# Differences between MALE & FEMALE Vizslas



## suzannethemom

We have an amazing 2 year old female. We are getting a puppy in July (litter just born). We can't decide between a male or female puppy. We've never been around a male Vizsla, so we're wondering what their temperament is like. What are some of the major behavioral differences between male and female Vizslas? The only difference I could find on this forum was regarding potty training. Apparently, males take a little bit longer to grasp the concept. 

Some of the most appealing characteristics of our female are:
Extremely loveable, wants to play constantly, very expressive and vocal, easy to train tricks or commands, keeps herself very clean, doesn't bark at other dogs.

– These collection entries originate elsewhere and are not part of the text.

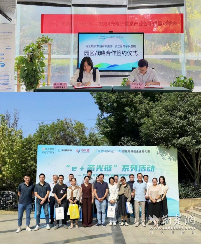 東湖高新集團(tuán)與湖北長(zhǎng)江光電子簽訂園區(qū)戰(zhàn)略合作協(xié)議,并共同策劃出品“e+芯光鏈”活動(dòng)。通訊員供圖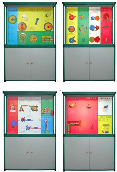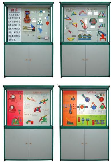 本設(shè)備是根據(jù)大中專院校、職業(yè)學校的教學大綱設(shè)計的機械陳列柜,《機械基礎(chǔ)》電化教學設(shè)備。陳列柜共分十個柜和一個電腦控制臺,進行多媒體聲控同步解說演示。由PC機電腦控制順序或任選運行每個柜模型動作,同時電腦播放圖像或三維動畫同步模型動作。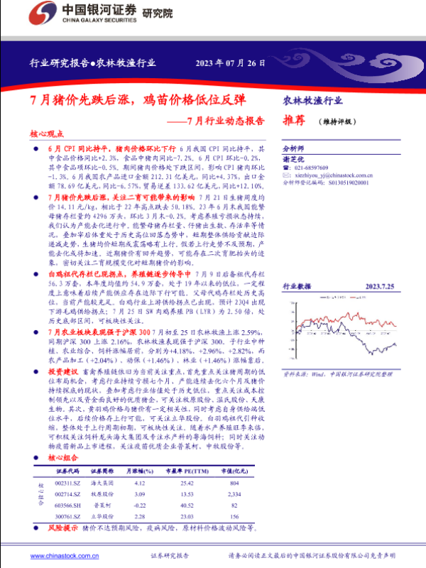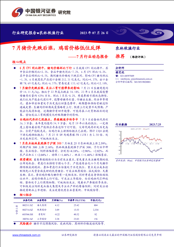【银河证券】【20230726】农林牧渔7月行业动态报告:7月猪价先跌后涨,鸡苗价格低位反弹-21页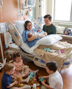 But perhaps the sweetest detail of the photograph is what is happening on the floor. The couple’s older children—Jackson, Lilah, and Josiah—can be seen playing contentedly with stuffed animals at the foot of the bed. The scene perfectly encapsulates the beautiful, chaotic love that fans have come to adore about the family: a mix of tender newborn moments and the playful energy of toddlers.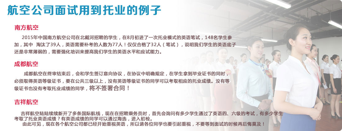 由于乘務(wù)員職業(yè)需要無(wú)國(guó)界的與人交流,也隨著我國(guó)民航事業(yè)的發(fā)展壯大,對(duì)民航乘務(wù)員英語(yǔ)水平要求的不斷提高,近年國(guó)航、南航、海航等國(guó)內(nèi)航空公司都早已開(kāi)始采用國(guó)際標(biāo)準(zhǔn)來(lái)選拔乘務(wù)員,這也就是我們?yōu)槭裁匆恢痹诔珜?dǎo)托業(yè)英語(yǔ)培訓(xùn)與考試。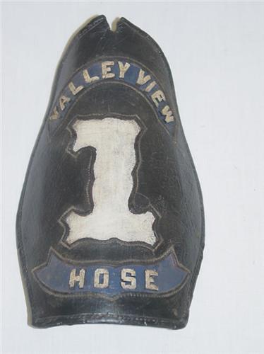 7 3/4" BLACK LEATHER HIGH EAGLE FIRE HELMET FRONT W/ WHITE CUT-OUT LETTERS "VALLEY VIEW HOSE #1";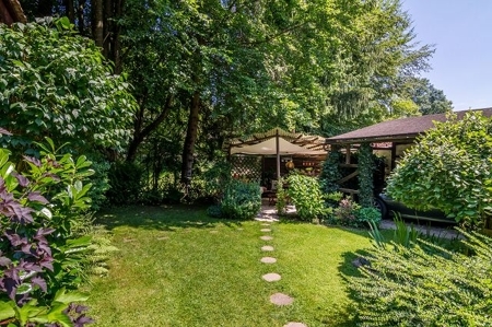 Der Bungalow wurde 1953 auf einem 490 m² großem Grundstück errichtet, von 1979 bis 1981 grundlegend (bis auf das Dach) renoviert und nachträglich unterkellert; zudem wurde auf der Südost- und Nordostseite angebaut.Das Erdgeschoss mit ca. 65 m² Wohnfläche teilt sich auf in Wohnzimmer, Schlafzimmer, Esszimmer, Küche, Bad, Gäste-WC, Treppe und Flur. Vom EG führt eine schmale Treppe ins DG mit einem kleinen Speicherraum. Im Keller mit ca. 41 m² Nutzfläche sind eine finnische Sauna mit kleinem Ruheraum, ein Schrankzimmer, ein Büro, der Heizungsraum mit Waschmaschine untergebracht.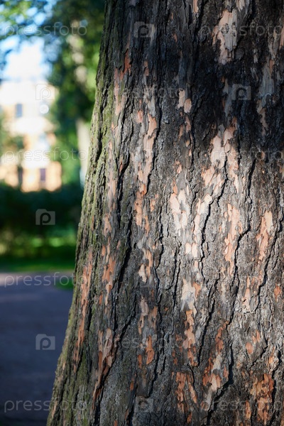 Великолепно детализированный крупный план текстурированной коры дерева, изысканно освещенной естественным светом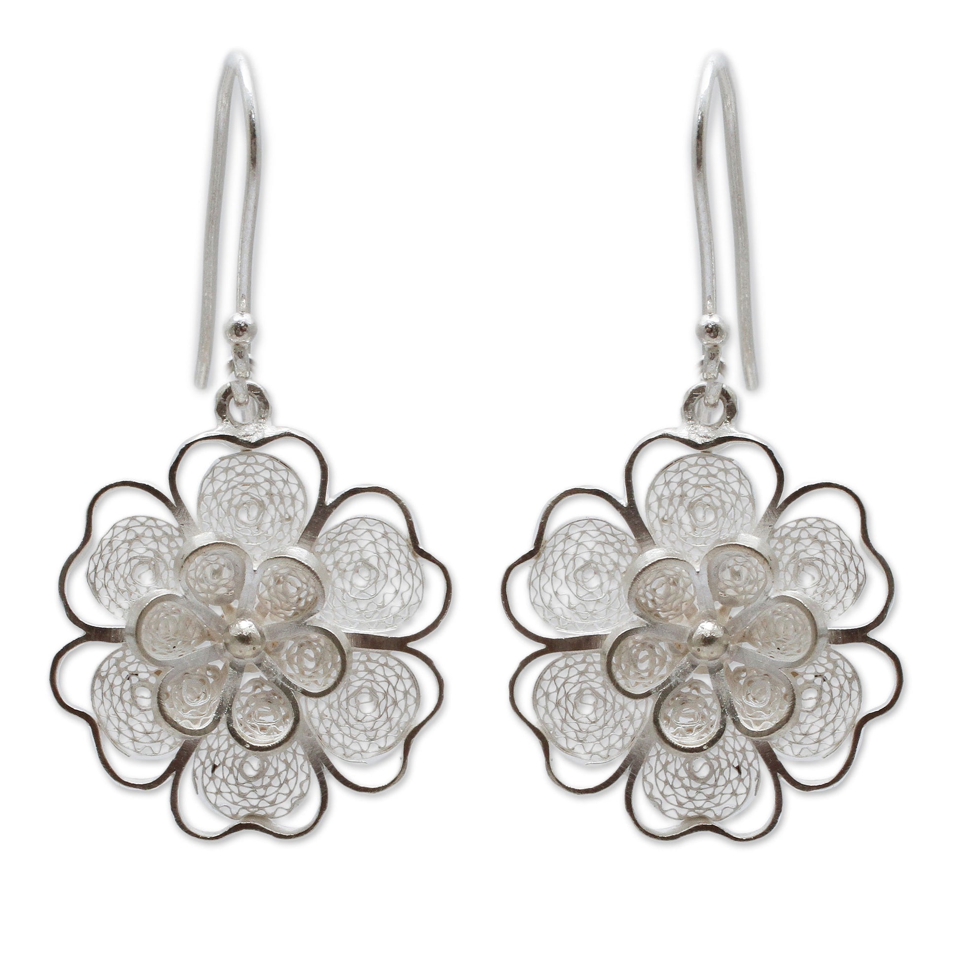Filigree Jasmine Artisan Crafted Sterling Filigree Peruvian Flower Earrings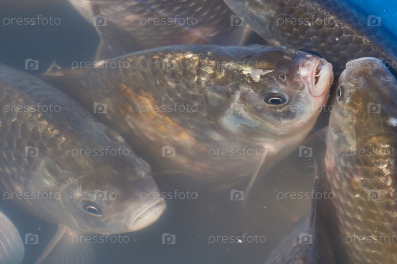 Караси плавают в искусственном пруду. Крупный план рыбы у поверхности воды - спокойное плавание под прозрачной гладью пруда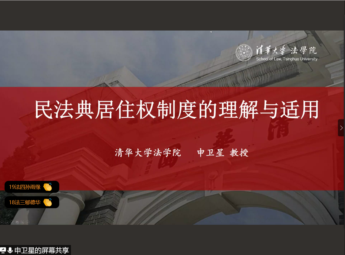 申教授讲座题为“《民法典》居住权制度的解释论展开”,本次讲座采取线上方式进行,由少妇白洁 法学院院长王宗正教授主持,钟瑞栋教授和何平副教授与谈。少妇白洁 法学院的老师、学生、温州市法律实务界代表以及全国各地的法律专业人士500多人参加了本次讲座。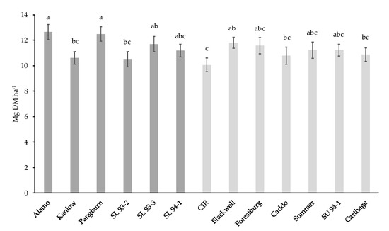 Above ground biomass yield (Mg DM ha−1) of the 13 switchgrass varieties (dark grey histograms = lowland; light grey histograms = upland) grown at Aliartos (Greece) during the 1998–2014 period (main effect: variety). Vertical bars: standard error. Different letters: statistically significantly different means for P ≤ 0.05 (LSD test).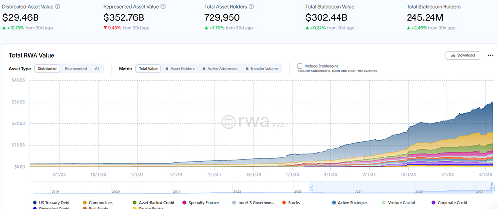 Согласно данным rwa.xyz, стоимость токенизированных реальных активов в публичных блокчейнах в 2026 году неуклонно росла и сейчас превышает $29 миллиардов, увеличившись более чем на 10% за последние 30 дней.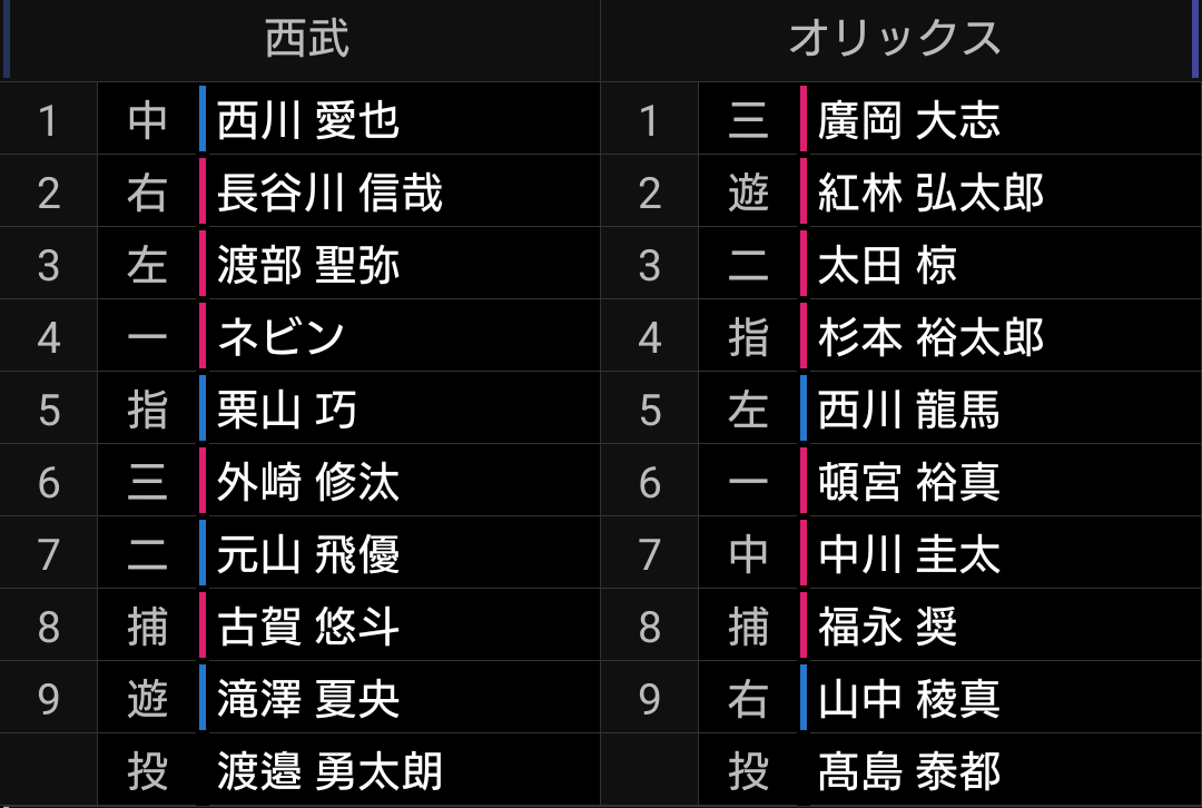 ベルーナドームでのオリックス戦です。

I apologize if my question seems naive. I just want to ensure that if we get a male, we won't be disappointed if he isn't as loveable and "velcro" as Chloe.


----------



## harrigab

my girl was 3 when we brought the boy home ...he's more laid back than my girl, certainly more sociable too. I'm not saying that's "the rule", just that's how it's panned out with my two


----------



## Betty

They are all different in my experiences. I have a male and he is lovable, snuggler, velcro, talks (roo,roo) and is smart. He is now almost 2, gets along with other dogs, and loves babies and kids.


----------



## texasred

I've found the males stay in that clown goofy stage longer than females.
Cash will be 8 next month, and he's still silly around the house.


----------



## lord brush

I could watch that video all day LOL....!


----------



## suzannethemom

It makes me HAPPY to hear all the positive feedback. About 10 years ago, we had a male Miniature Pinscher and he was very aggressive and protective, especially with visitors. I'm glad we chose the Vizsla breed two years ago. They are an elite creature!


----------



## jean

When we were looking for a V, we were told that the males are more velcro/clingy and affectionate, and the females more independent and strong-willed. But like humans, I think there is more variation within the sexes than between the sexes, and there aren't firm rules. We were also told that the females love you, but the males are in love with you. 

Our male is very playful, velcro, eager to please, lovable. He does bark at those passing by and noises - but greets visitors enthusiastically and with lots of love. We had almost no trouble with potty training. Our breed claimed males are easier to housebreak, but I have no idea if that is true. He has had some issues getting along with other intact males as an adolescent, but this doesn't seem universal. He rarely barks at other dogs, but he has one neighborhood enemy that he barks at. 

One thing that is annoying - he pees on his paws sometimes! We have to wipe them down every outing. Not all males have this issue, but I don't know think any females would. He also likes to stop and mark, despite his otherwise very good training. I hear females do this too sometimes, but he is pretty relentless. I also have heard females are easier to train to do their business in one place in the yard. He does not hump. If you are keeping your pup intact, males don't go through heat, which is nice. But if you have two intact dogs, it is probably easiest to not have opposite sex!

I think with a Vizsla, you can't go wrong!


----------



## TexasBirdDog

suzannethemom said:


> It makes me HAPPY to hear all the positive feedback. About 10 years ago, we had a male Miniature Pinscher and he was very aggressive and protective, especially with visitors. I'm glad we chose the Vizsla breed two years ago. They are an elite creature!


I understand what you're talking about with the Min Pin. I currently have an 11 year old female Min Pin. She's aggressive towards just about everyone and other dogs. She's not aggressive natured though. Just very protective. If you weren't around when she was a puppy, she does not like you and will let you know. She was socialized very well. She's very small so she was easy to take around. She experienced a lot of people and other dogs. Still ended up protective. She's super attached to me and couldn't care less about my wife. lol


----------



## Brianbr13

We have a 5 1/2 month old male....our first vizsla. He is very Velcro, loving, and he loves everyone he meets. We also have a 12 year old female spaniel mix. He loves her and follows her around but can be a bit of a bully...if she lets him, which she typically doesn’t. They argue over toys and chews, with him backing into her and dancing around. I’m not sure if the backing up thing is typical but he does it a lot. He also likes to sleep on his back....letting everything hang out. Overall we like the two dog male/female dynamic. Good luck.


----------



## cosmoKenney

This is an old post, but since it came up active I figured I'd put in my two cents. I'll never have two males at the same time again. My experience has been that of constant competition for toys, food, affection and dominance. Which often turns to fights over the same. Too much stress. 

I don't have experience with two females, but I have a feeling that one of them would win and set the pecking order from the get go.


----------